[Top][All Lists]
[Date Prev][Date Next][Thread Prev][Thread Next][Date Index][Thread Index]
bug#12366: [gnu-prog-discuss] Writing unwritable files
From: |
Paolo Bonzini |
Subject: |
bug#12366: [gnu-prog-discuss] Writing unwritable files |
Date: |
Thu, 06 Sep 2012 14:12:42 +0200 |
User-agent: |
Mozilla/5.0 (X11; Linux x86_64; rv:14.0) Gecko/20120717 Thunderbird/14.0 |
[For bug-coreutils: the context here is that sed -i, just like perl -i,
breaks hard links and thus destroys the content of files with 0400
permission].
Il 06/09/2012 12:38, John Darrington ha scritto:
> That's expected of programs that break hard links.
>
> I wonder how many users who are not hackers expect it? I suspect most
> would not.
>
> Why is it not possible or not desirable to check the mode of the file
> before renaming?
Because there are valid use cases in which you _want_ to break hard links.
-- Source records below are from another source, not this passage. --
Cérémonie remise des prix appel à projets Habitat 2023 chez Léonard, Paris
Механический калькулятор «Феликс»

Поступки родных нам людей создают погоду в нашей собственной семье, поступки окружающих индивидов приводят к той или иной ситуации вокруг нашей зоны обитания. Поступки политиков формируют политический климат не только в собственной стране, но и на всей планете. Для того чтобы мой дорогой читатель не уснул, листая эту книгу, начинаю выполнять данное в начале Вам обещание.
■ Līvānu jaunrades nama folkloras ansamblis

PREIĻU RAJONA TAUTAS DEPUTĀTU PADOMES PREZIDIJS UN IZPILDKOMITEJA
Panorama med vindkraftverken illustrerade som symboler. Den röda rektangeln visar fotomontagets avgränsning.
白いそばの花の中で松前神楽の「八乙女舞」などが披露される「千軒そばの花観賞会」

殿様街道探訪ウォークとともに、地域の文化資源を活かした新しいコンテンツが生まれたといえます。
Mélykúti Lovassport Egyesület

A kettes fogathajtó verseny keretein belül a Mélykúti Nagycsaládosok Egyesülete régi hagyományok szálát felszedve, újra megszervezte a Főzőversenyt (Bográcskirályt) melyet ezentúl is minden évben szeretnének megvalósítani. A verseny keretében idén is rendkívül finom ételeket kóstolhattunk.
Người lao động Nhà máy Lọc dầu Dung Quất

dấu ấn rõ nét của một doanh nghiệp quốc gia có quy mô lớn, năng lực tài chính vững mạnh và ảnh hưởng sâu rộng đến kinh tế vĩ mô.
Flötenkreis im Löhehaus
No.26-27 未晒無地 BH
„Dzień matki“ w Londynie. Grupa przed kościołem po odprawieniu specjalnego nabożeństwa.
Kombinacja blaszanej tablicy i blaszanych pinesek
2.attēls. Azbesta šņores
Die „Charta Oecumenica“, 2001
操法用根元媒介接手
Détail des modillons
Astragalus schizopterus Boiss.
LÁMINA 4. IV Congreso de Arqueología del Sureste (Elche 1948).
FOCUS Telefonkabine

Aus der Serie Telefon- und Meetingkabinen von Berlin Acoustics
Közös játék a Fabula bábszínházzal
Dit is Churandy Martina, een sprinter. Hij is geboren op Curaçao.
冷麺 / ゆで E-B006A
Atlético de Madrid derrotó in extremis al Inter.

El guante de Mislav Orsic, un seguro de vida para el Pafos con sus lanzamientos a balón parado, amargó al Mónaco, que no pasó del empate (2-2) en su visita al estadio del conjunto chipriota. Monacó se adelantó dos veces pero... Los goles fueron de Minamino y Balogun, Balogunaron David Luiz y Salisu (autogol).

Also because it would be twice as slow and require twice as much disk
space. The choices would be:
1) copy the input file to a temporary file, then write to the original
file while processing the copy; required space = input_size +
max(input_size, output_size)
2) write to a temporary file while processing the original, then copy it
over to the input; required space = output_size + max(input_size,
output_size).
3) same as (1) or (2) with memory replacing a temporary file. Goes
totally against the idea of sed as a _stream_ editor.
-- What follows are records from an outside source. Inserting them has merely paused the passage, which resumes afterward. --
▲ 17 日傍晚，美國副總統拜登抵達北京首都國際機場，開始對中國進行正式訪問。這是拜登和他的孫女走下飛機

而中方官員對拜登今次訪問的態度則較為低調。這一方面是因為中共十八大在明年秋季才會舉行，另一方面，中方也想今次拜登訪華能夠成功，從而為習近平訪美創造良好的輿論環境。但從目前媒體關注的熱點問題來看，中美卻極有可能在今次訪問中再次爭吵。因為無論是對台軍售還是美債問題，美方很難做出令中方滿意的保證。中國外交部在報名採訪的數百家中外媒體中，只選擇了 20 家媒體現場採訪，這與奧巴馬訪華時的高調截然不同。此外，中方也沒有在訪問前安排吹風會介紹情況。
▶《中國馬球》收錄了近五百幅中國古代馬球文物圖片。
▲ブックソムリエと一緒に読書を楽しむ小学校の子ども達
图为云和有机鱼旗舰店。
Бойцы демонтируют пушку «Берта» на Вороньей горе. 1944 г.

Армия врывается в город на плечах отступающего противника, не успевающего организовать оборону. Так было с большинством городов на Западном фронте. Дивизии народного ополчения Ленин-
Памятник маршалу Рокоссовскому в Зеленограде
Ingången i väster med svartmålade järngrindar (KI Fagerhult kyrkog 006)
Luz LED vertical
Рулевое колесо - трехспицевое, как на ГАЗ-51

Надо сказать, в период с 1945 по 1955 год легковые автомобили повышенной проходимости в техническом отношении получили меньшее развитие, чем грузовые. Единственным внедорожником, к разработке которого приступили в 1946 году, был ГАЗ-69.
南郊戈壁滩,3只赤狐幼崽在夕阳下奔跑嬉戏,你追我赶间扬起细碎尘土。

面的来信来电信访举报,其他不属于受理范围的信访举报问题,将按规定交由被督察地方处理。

> Here is what the sed manual thinks.
>
> Thanks for pointing that out (it must be a recent addition; my installed
> version doesn't have this text).
Actually it is older than the version control repository, so 2004 or
older. But it is under "Reporting bugs", not under the -i option
(patches welcome ;)).
You'll also find it under /usr/share/doc/sed-4.2.1/BUGS.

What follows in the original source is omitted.